Brief: The response should reproduce exactly the lines from the top of the listing below through the one that contains "A statement signed", and nothing else; pictures do not belong in it.

*** Opening Data records ***

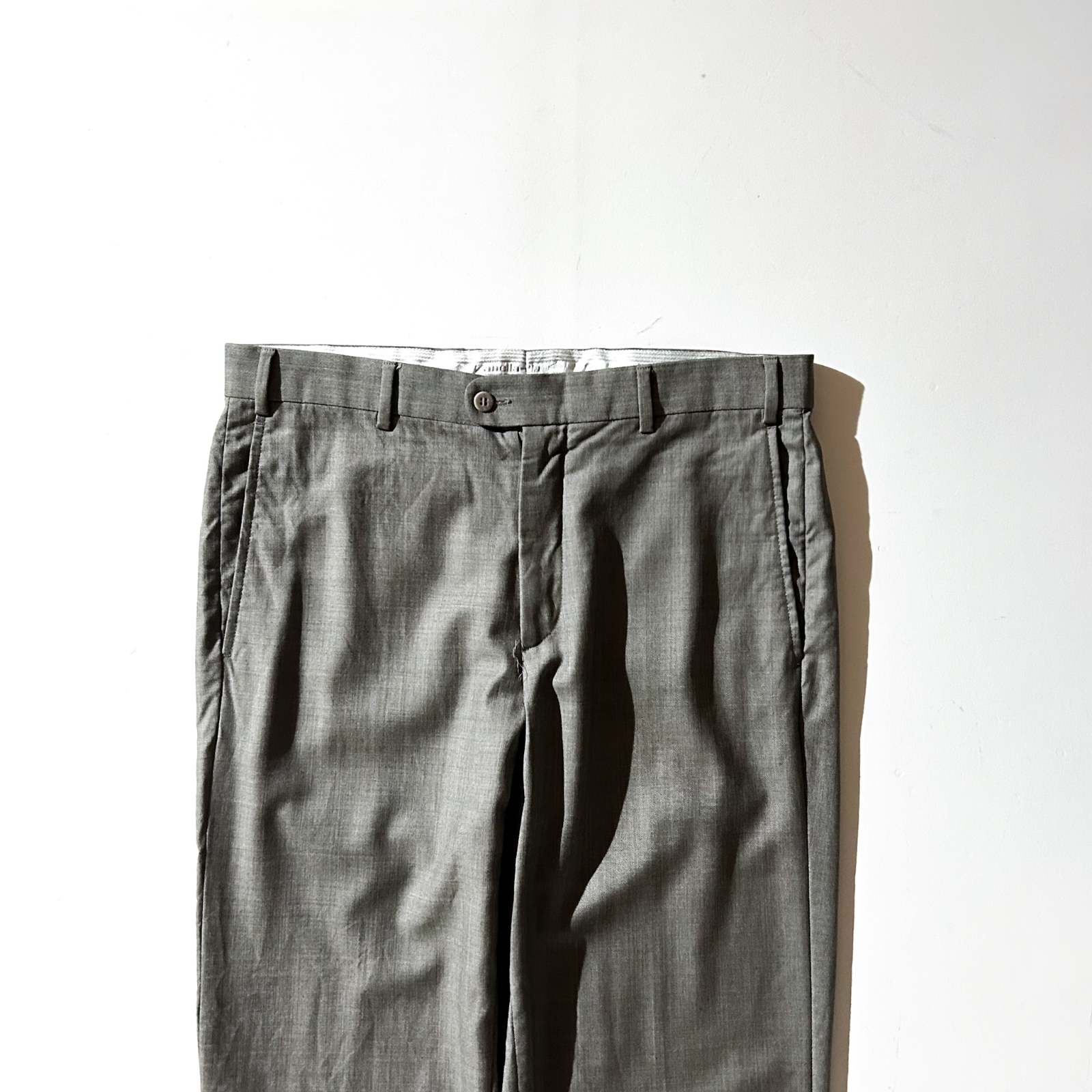【Webスタッフ大鹿のおすすめ商品】イタリア製スラックスを語る上で外せない存在、Zanella(ザネッラ)。 こちらは、イタリアを代表する老舗生地メーカー「Vitale Barberis Canonico(ヴィターレ・バルベリス・カノニコ)」社製の生地を使用した一本です。 ノータック仕様でウエストからストンと落ちる美しい微テーパードシルエット。 渡り幅はスッキリとしており、Levi’s 505のようなクリーンな印象。 カラーは合わせやすいグレーカラーで、オンオフ問わず活躍します。 特筆すべきは、ウール100%ながらまるでレーヨンのようなドレープ感や揺れ感がある上質な生地感。 揺れや光沢感があり、見た目にも高級感が漂います。
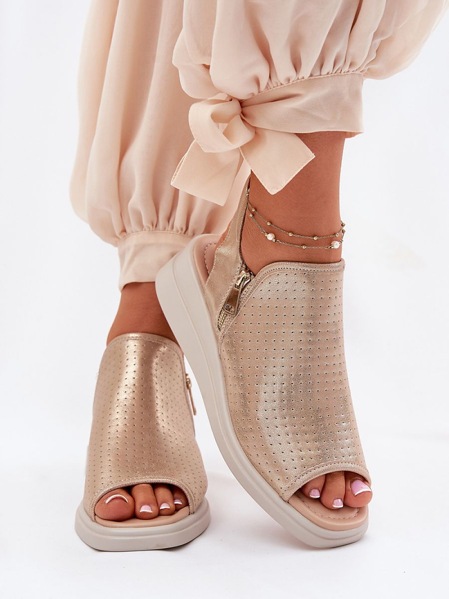 Women’s sandals by the Jezzi brand, made of eco leather, are an elegant and comfortable option for warm days. Set on a wedge heel, they provide stability and comfort throughout the day. This model has a short zipper on the side of the upper, making it easier to put on and take off shoes. These stylish sandals go perfectly with summer dresses, skirts, and pants.
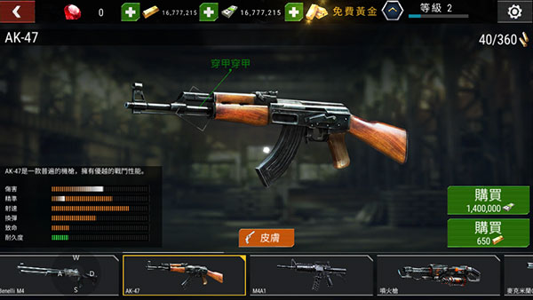 需要升级才能解锁更强力的枪支,并需要黄金购买才能使用。游戏开始送一把初始的手枪和冲锋枪,使用游戏现金升级,升级次数也是受玩家等级影响。在无法购买后续的枪支时,升级已有的枪支是不错的选择。
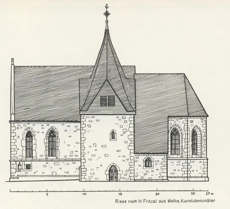 Nach Fertigstellung der Kirche, jedoch noch in der 1. Hälfte des 16. Jhs., entstand die Sakristei. Gleichzeitig baute man vermutlich die drei mauerbündigen Fenster im Schiff ein, die gegenüber denen mit innerer und äußerer Laibung auffallen. Der Turm ist älter als die Kirche, denn in seiner Ostseite, zur Sakristei hin, sitzt ein kleines, rundbogiges romanisches Fenster. Ein romanischer Kämpfer, als Rest einer romanischen Kirche, findet sich im Turmmauerwerk am Anschluss zum Chor.
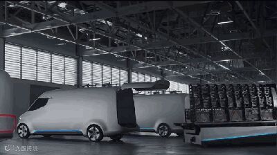 黑科技满满的物流车,既然Vision Van瞄准的是快递界,那就得有它该有的功能。首先,奔驰不仅为Vision Van设计了一套先进的装货系统,还配有专用的货架传送车,可以自动化分拣包裹,然后装车。
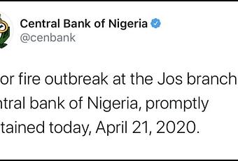 A statement signed by the Bank’s Director of Corporate Communications, Isaac Okorafor, indicated that at about 9.15 a.m., on Tuesday, April 21, 2020, the fire alarm in CBN Jos Branch was triggered and in line with the Bank’s fire drill and protocol, the skeletal staff on essential duty were promptly evacuated from the building to the muster point.
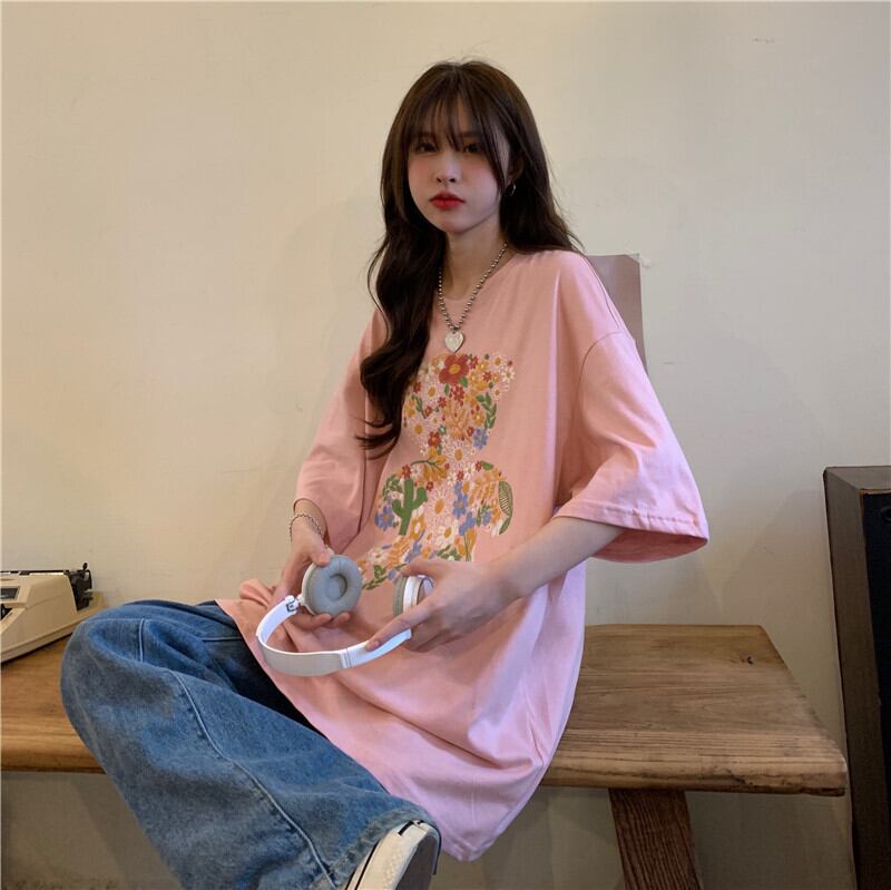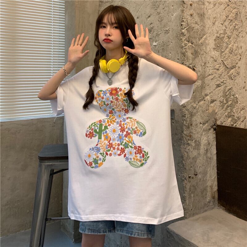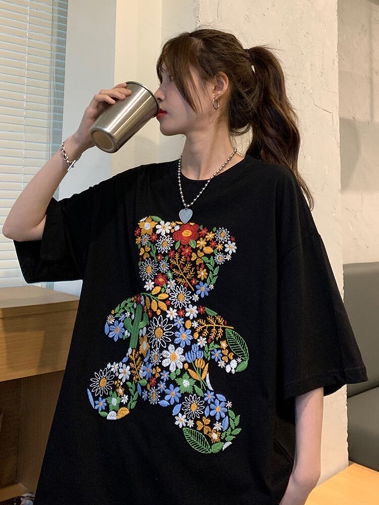 (色とサイズが選択可) 半袖 Tシャツ レディース 夏 シックトップス デザイン 3色展開 カジュアル シック シンプル クマ オーバーサイズ ハイウエスト BBQ 部屋着 ルームウエア 春 秋 ピンク ホワイト ブラック 花柄 細身 襟無し 妊婦 マタニティーウエアス ポーツウエア ロック パーティー デート 外出 お泊り お出かけ ショッピング 旅行 | Chère
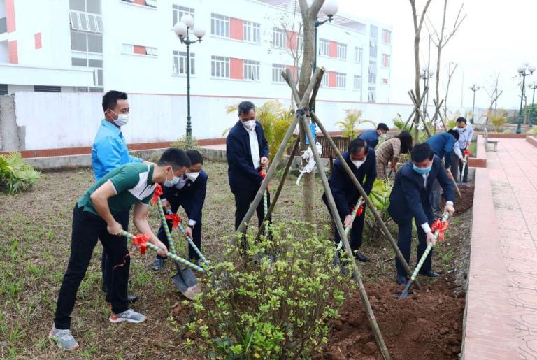 Các đại biểu Đoàn TN Vietcombank Bắc Hà Nội và huyện đoàn Hoài Đức tham gia trồng cây xanh
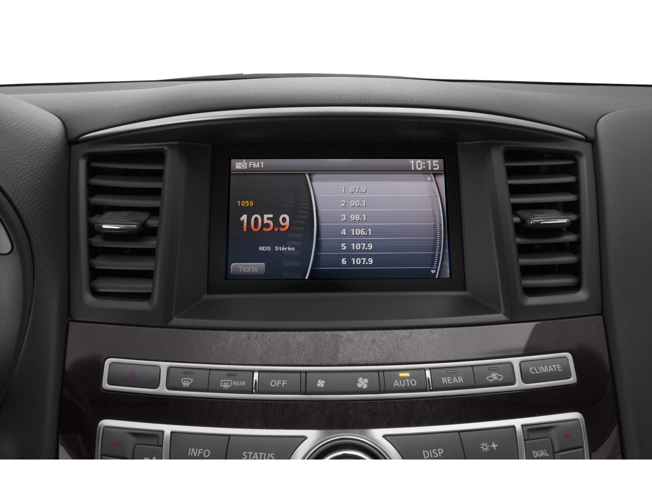 - Radio: AM/FM/CD/MP3 Audio System -inc: 6-speakers, Radio Data System (RDS), speed-sensitive volume control, Bluetooth® Hands-free phone system, illuminated steering wheel-mounted audio controls, USB connection port for iPod interface and other compatible devices, SiriusXM Satellite radio, auxiliary audio/video input jacks in front center console and INFINITI controller for comfort and convenience features
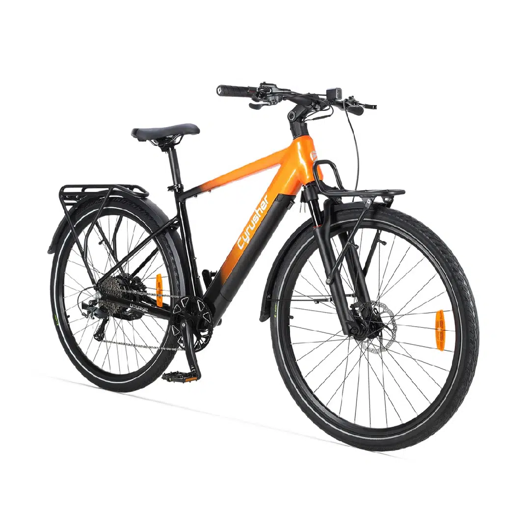 The Cyrusher Voyage Electric Bike is a sleek, high performance trekking electric bike designed for long commutes and extended touring adventures. Powered by a road legal 250W Bafang rear hub motor delivering 50Nm of torque, and guided by a torque sensor pedal assist system, it ensures a smooth and natural ride experience, ideal for both beginners and experienced cyclists. Its 36V 14Ah Samsung battery provides up to 75 miles of range per charge, offering long lasting reliability with a 5 to 7 hour charge time, perfect for daily commuting or weekend explorations.
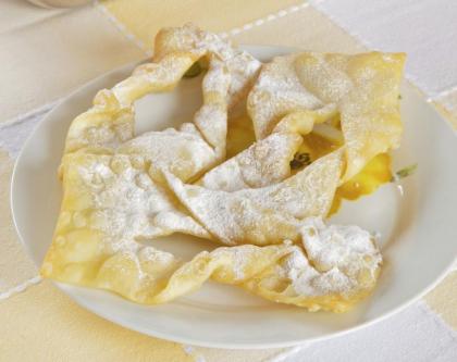 Spočito testo na tanko razvaljajte, s koleščkom razrežite na pravokotnike in v vsakega po sredini zarežite še dve ali tri zareze. Srednji pas dvignite, prekrižajte oz prepletite in zlato rumeno ocvrite v vročem olju.
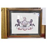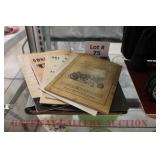 Wall Catalog 1w (2) Diecast Airplanes: ERTL Ford Tri motor humble, in orig. box; SpecCast Exxon model 18 twin beach, in orig. box 2w Carved Wood Giraffes: approx. 28" tall 3w Doll: Ideal, plastic face, sleepy eyes, open mouth, teeth, she was talker, does not work anymore 4w (2) Exxon Diecast Airplane Banks: SpecCast, (1) F-4U-1 Corsair fighter; P-51D Mustang (both in orig. boxes) 5w (2) Diecast Airplanes: SpecCast Exxon F-86 Sabre jet; Texaco 1932 Northrup Gamma, ERTL 6w (2) Pcs. Amberina Art Glass: large footed center bowl, crackle glass base, approx. 15.5" diameter; blown tankard pitcher 7w 1937 Dealer Showroom Book: 1937 Ford, has features, safety, engine info, components, accessories, financial plans, testimonials, etc., second part of book is for Lincoln, engine assembly line photos, etc., in original binder, one of leather handles is broken 8w Budweiser Advertising Clock: pocket watch, plastic, king of beers 9w Budweiser Light: world champion clydesdale team 10w Vintage Framed Print: cherubs with fruit 11w Framed Portrait: colonial man, ornate frame 12w Still Life Print: framed 13w Print: Grand Temple of Philae, matted & framed 14w Framed Nude: backside, matted & framed 15w Framed Etching: print of etching, tourist at temple 16w Planter's Clock: electric w/wood case 17w Pair of Plantation Prints: matching frames 18w Pair of Plantation Prints: matching frames 19w Ford Radio: model F-1440, correspondence about its refurbishment, original vibrator, has antenna 20w Wood Carpenter's Box: no tools, rope handle 21w Lenox Flatware Set: Esquire pattern, 65 pcs., in original box 22w Set of (4) Hubcaps: Studebaker 23w Car Radio: Studebaker, no date 24w Car Radio: Studebaker, 1952 25w (2) Gun Receivers: shot gun 12 ga. Long tom; 22 cal., JC Higgins short long, model 42 26w Studebaker Window A/C Unit: green, w/bracket 27w Golden Pheasant Litho Print: Gibson publisher, framed & matted, great colors 28w Oil on Canvas: portrait of man, canvas has some paint chipping and a lot of crackling 29w Watercolor: Mount Vernon, framed & matted 30w Brian Hoover Watercolor: signed, framed & matted 31w Framed Print: Joshua Henshaw II, by John Singleton Copley 32w Watercolor: Weber, framed & matted 33w PA State Seal: G. J. Seidel, 408/1000, framed & matted 34w Wall Mirror: inlay frame 35w (2) Paintings: oil on board, K.M. Johnson, native American on horse; oil on canvas, signed L. Cornett '87, still life native American scene 36w Oriental Rug: approx. 44" x 2' 37w (2) Family Crests: Coddington, Chambers 38w Wash Board: Columbus Model V 39w (2) Family Crests: Washington, Watrous 40w Still Life Print: double matted, ornate frame 41w Decorative Wall Fan: painted peacock & cherry blossoms 42w Oil on Canvas: rancher w/cattle, unframed, some damage to canvas 43w Print on Canvas: Mademoiselle Dubois, framed 44w Wall Mirror: art nouveau frame 45w Still Life Print: w/ornate frame, similar to 40w 46w Portrait Print: Filipino Lippi, portrait of a youth, ornate frame 47w Large Tole Painted Tray: has some paint wear to edges, some scratches 48w Wall Mirror: painted frame 49w Shaving Mirror: wood frame, carved flower at top 50w Quilt: Thanksgiving theme, applied pumpkins & turkeys, embellished w/zigzag ribbon 51w Oriental Rug: approx. 10' x 8' 52w Oriental Runner: approx. 12' x 31" 53w Oriental Rug: made in Iran, approx. 9' x 75" 54w Oriental Runner: approx. 6' long 55w Oriental Rug: approx. 10' x 7' 56w Oriental Rug: approx. 7' x 5' 57w Wall Clock: fashion clock, highly inlayed, scroll base, missing (1) small pediment finial 58w Seth Thomas Regulator: 30-day 59w Cuckoo Clock: pheasant, feathers, pinecones, pinecone weights 60w Barometer/Thermometer/Hydrometer: w/clock 61w Cuckoo Clock: dancing people, birds, leaves, pinecone weights 62w Cuckoo Clock: small size, bird on top, 1' x 8", pinecone weights 63w Cuckoo Clock: dark walnut, birds & leaves, marked West Germany, pinecone weights 64w Cuckoo Clock: marked West Germany, deer, guns, rabbit & pheasant, hunting bag, hunting bag Chiemsee, pinecone weights 65w Cuckoo Clock: made in Germany, modern, small size 12" x 8", bird & leaves, pinecone weights 66w Cuckoo Clock: Germany, birds w/baby bird in nest, pinecone weights 67w Cuckoo Clock: Germany, bird & nest, pinecone weights 68w Cuckoo Clock: stag, guns, rabbit & pheasant, horn, hunting bag, pinecone weights 69w Cuckoo Clock: small size, bird & leaves, pinecone weights 70w Barometer/Thermometer/Hydrometer: made in England 71w Cuckoo Clock: 3 birds, leaves, brush painting, pinecone weights 72w Cuckoo Clock: pheasant, pinecones, leaves, painted, pinecone weights, pendulum, one chain is off the cog, some numerals missing on face 73w Cuckoo Clock: small size, 2 birds, leaves, 14.5" x 10", pinecone weights 74w Federal Style Mirror: round, eagle on top 75w Wall Mirror: wood frame 76w Frame: decorative 77w Portrait of Girls: diamond, oak frame, matted, some water damage 78w Wall Tapestry: cherub fountain scene, approx. 62" x 52" 79w (2) Oil Lamps: both w/chimneys 80w Umbrella Holder: Asian motif, unmarked 81w Store Jar: large, 5 gallon 82w Stoneware Jug: no name, brown glaze 83w Toleware Tray: oval, chipping to paint on face, some minor scratching 84w 2-Gallon Jug: chip at lip, chips around rim, brown glazing at top, blue 2 on front 85w Water Jug: 3-gallon Crisa, made in Mexico 86w Student Globe: Replogle 87w (2) Exxon Diecast Airplane Banks: SpecCast Beechcraft D-17, in original boxes 88w Weller Pottery Vase: green glaze, approx. 13.5" tall 89w Budweiser Advertising Tray: 100th year anniversary, 1976 90w (3) Longaberger: welcome home combo w/box; 1997 snowflake combo; 1998 med. Market 91w Oil Lamp: decorative pedestal w/flower, chimney 92w Serving Tray: Greek gods on horses

*** Closing Data records ***

Response area:
【Webスタッフ大鹿のおすすめ商品】イタリア製スラックスを語る上で外せない存在、Zanella(ザネッラ)。 こちらは、イタリアを代表する老舗生地メーカー「Vitale Barberis Canonico(ヴィターレ・バルベリス・カノニコ)」社製の生地を使用した一本です。 ノータック仕様でウエストからストンと落ちる美しい微テーパードシルエット。 渡り幅はスッキリとしており、Levi’s 505のようなクリーンな印象。 カラーは合わせやすいグレーカラーで、オンオフ問わず活躍します。 特筆すべきは、ウール100%ながらまるでレーヨンのようなドレープ感や揺れ感がある上質な生地感。 揺れや光沢感があり、見た目にも高級感が漂います。
 Women’s sandals by the Jezzi brand, made of eco leather, are an elegant and comfortable option for warm days. Set on a wedge heel, they provide stability and comfort throughout the day. This model has a short zipper on the side of the upper, making it easier to put on and take off shoes. These stylish sandals go perfectly with summer dresses, skirts, and pants.
 需要升级才能解锁更强力的枪支,并需要黄金购买才能使用。游戏开始送一把初始的手枪和冲锋枪,使用游戏现金升级,升级次数也是受玩家等级影响。在无法购买后续的枪支时,升级已有的枪支是不错的选择。
 Nach Fertigstellung der Kirche, jedoch noch in der 1. Hälfte des 16. Jhs., entstand die Sakristei. Gleichzeitig baute man vermutlich die drei mauerbündigen Fenster im Schiff ein, die gegenüber denen mit innerer und äußerer Laibung auffallen. Der Turm ist älter als die Kirche, denn in seiner Ostseite, zur Sakristei hin, sitzt ein kleines, rundbogiges romanisches Fenster. Ein romanischer Kämpfer, als Rest einer romanischen Kirche, findet sich im Turmmauerwerk am Anschluss zum Chor.
 黑科技满满的物流车,既然Vision Van瞄准的是快递界,那就得有它该有的功能。首先,奔驰不仅为Vision Van设计了一套先进的装货系统,还配有专用的货架传送车,可以自动化分拣包裹,然后装车。
 A statement signed by the Bank’s Director of Corporate Communications, Isaac Okorafor, indicated that at about 9.15 a.m., on Tuesday, April 21, 2020, the fire alarm in CBN Jos Branch was triggered and in line with the Bank’s fire drill and protocol, the skeletal staff on essential duty were promptly evacuated from the building to the muster point.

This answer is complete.